*Exercise description*.
Please repeat the data below exactly, with the pictures removed.
[Opening Exercise materials section]
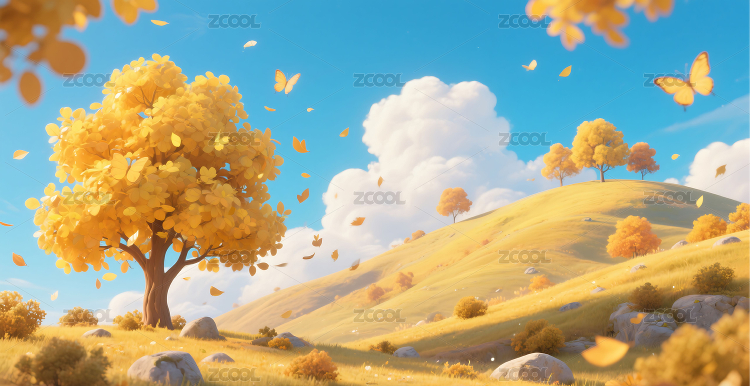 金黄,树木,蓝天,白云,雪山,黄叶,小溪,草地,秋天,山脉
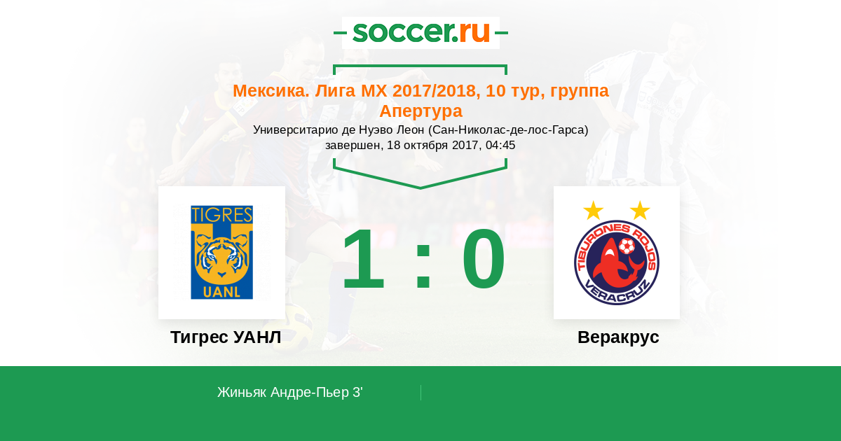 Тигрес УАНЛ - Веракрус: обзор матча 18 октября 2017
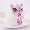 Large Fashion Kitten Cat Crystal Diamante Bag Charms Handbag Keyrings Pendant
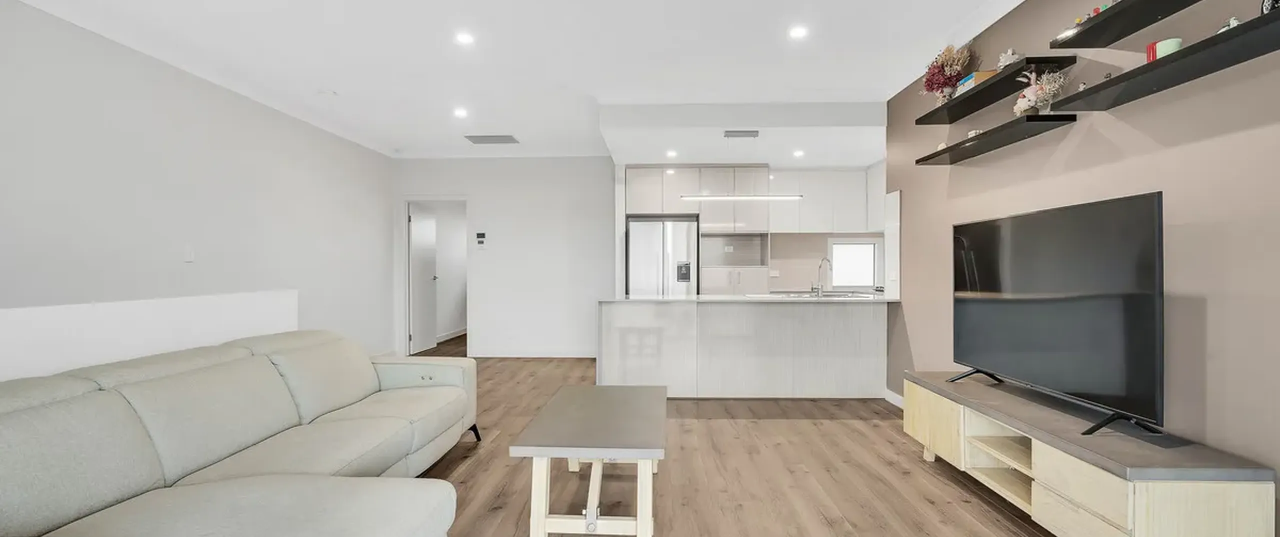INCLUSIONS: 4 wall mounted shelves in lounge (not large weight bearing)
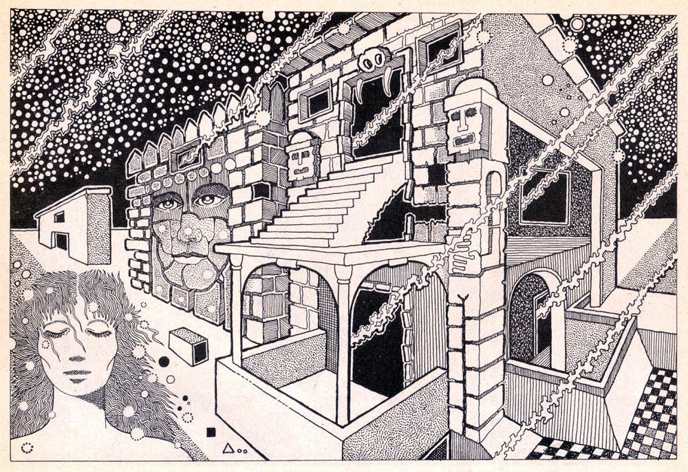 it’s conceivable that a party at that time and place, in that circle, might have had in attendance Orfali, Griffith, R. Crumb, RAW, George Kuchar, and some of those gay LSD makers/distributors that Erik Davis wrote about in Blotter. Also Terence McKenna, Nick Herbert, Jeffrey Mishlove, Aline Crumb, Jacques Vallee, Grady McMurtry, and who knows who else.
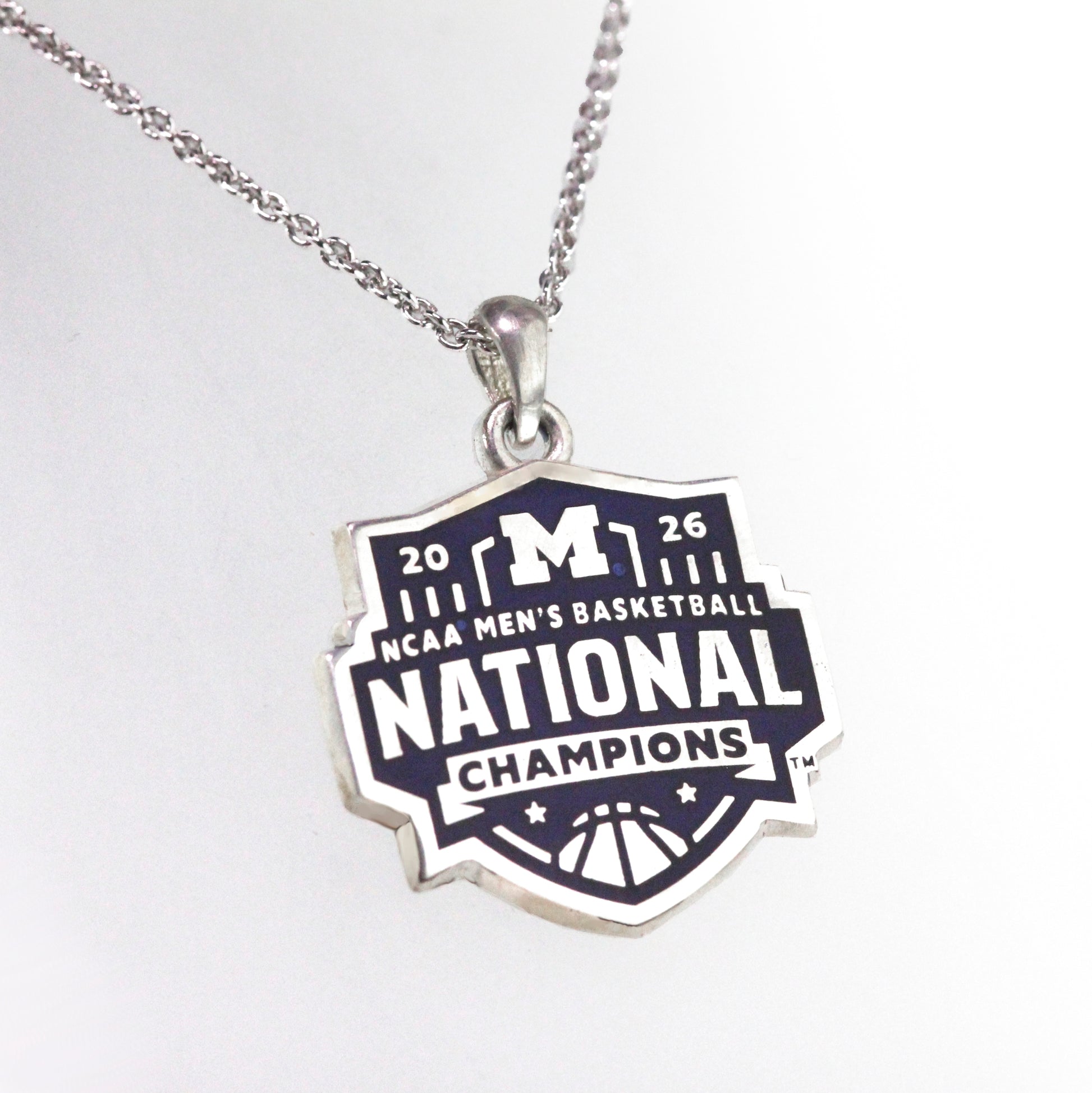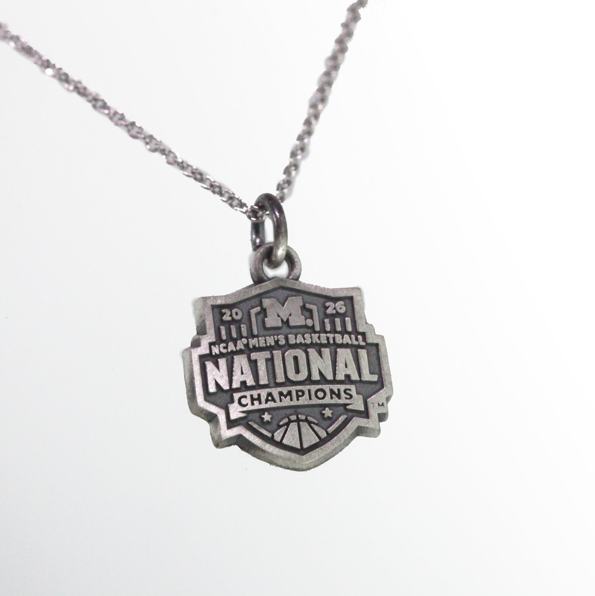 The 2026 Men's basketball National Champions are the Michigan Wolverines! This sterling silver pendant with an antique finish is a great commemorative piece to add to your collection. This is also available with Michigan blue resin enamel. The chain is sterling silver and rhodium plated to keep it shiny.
[Closing Exercise materials section]
*Answer area*.
 金黄,树木,蓝天,白云,雪山,黄叶,小溪,草地,秋天,山脉
 Тигрес УАНЛ - Веракрус: обзор матча 18 октября 2017
 Large Fashion Kitten Cat Crystal Diamante Bag Charms Handbag Keyrings Pendant
INCLUSIONS: 4 wall mounted shelves in lounge (not large weight bearing)
 it’s conceivable that a party at that time and place, in that circle, might have had in attendance Orfali, Griffith, R. Crumb, RAW, George Kuchar, and some of those gay LSD makers/distributors that Erik Davis wrote about in Blotter. Also Terence McKenna, Nick Herbert, Jeffrey Mishlove, Aline Crumb, Jacques Vallee, Grady McMurtry, and who knows who else.
 The 2026 Men's basketball National Champions are the Michigan Wolverines! This sterling silver pendant with an antique finish is a great commemorative piece to add to your collection. This is also available with Michigan blue resin enamel. The chain is sterling silver and rhodium plated to keep it shiny.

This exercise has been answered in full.